Multi-Stage Diabetic Retinopathy Detection With Comparative Study of CNN, ResNet50, and EfficientNetB2
DOI:
https://doi.org/10.70917/ijcisim-2026-2284Keywords:
Diabetic Retinopathy, Deep Learning, EfficientNetB2, ResNet50, Fundus Images, Transfer Learning, APTOS 2019Abstract
Diabetic retinopathy (DR) is a leading cause of preventable blindness among working-age adults with diabetes, yet systematic fundus screening remains inaccessible across much of the developing world due to an acute shortage of trained ophthalmologists. Early detection of the eye DR helps the doctors to decide the severity of the case. We evaluate automated five-class DR severity grading using three deep convolutional neural network architectures trained on the APTOS 2019 benchmark dataset supplemented with clinical fundus images from collaborating hospitals: a randomly initialized baseline CNN, ResNet50 with ImageNet pre-training, and EfficientNetB2 with ImageNet pre-training.

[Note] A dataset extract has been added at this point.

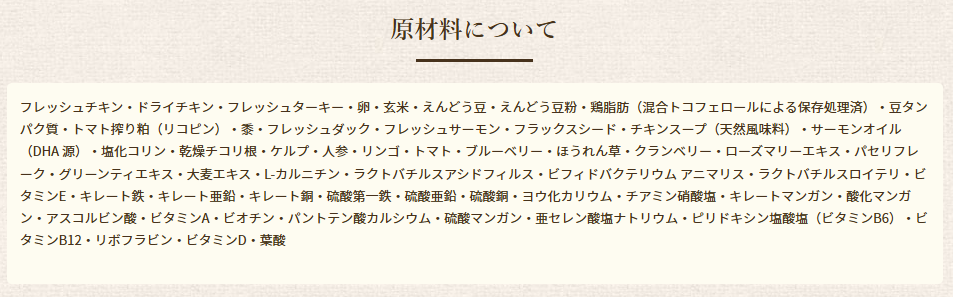 | ●政府機関の厳重な管理で生産しているから安心● ●素材は人間の食品基準で原材料を厳選● ●人工添加物不使用● |

All models are trained under identical conditions to isolate architectural effects. The CNN achieved 53% validation accuracy, near the 49.3% majority-class baseline. ResNet50 reached 96% and EfficientNetB2 reached 98%, with the lowest validation loss among the three, indicating superior calibration as well as accuracy. Macro-averaged F1 and AUC are reported throughout to account for a 9.3:1 class imbalance between Grade 0 and Grade 3 images. We additionally demonstrate that Gaussian blur must be applied before, not after, circular cropping to prevent a ring artifact at the retinal boundary that arises from the alternative preprocessing order.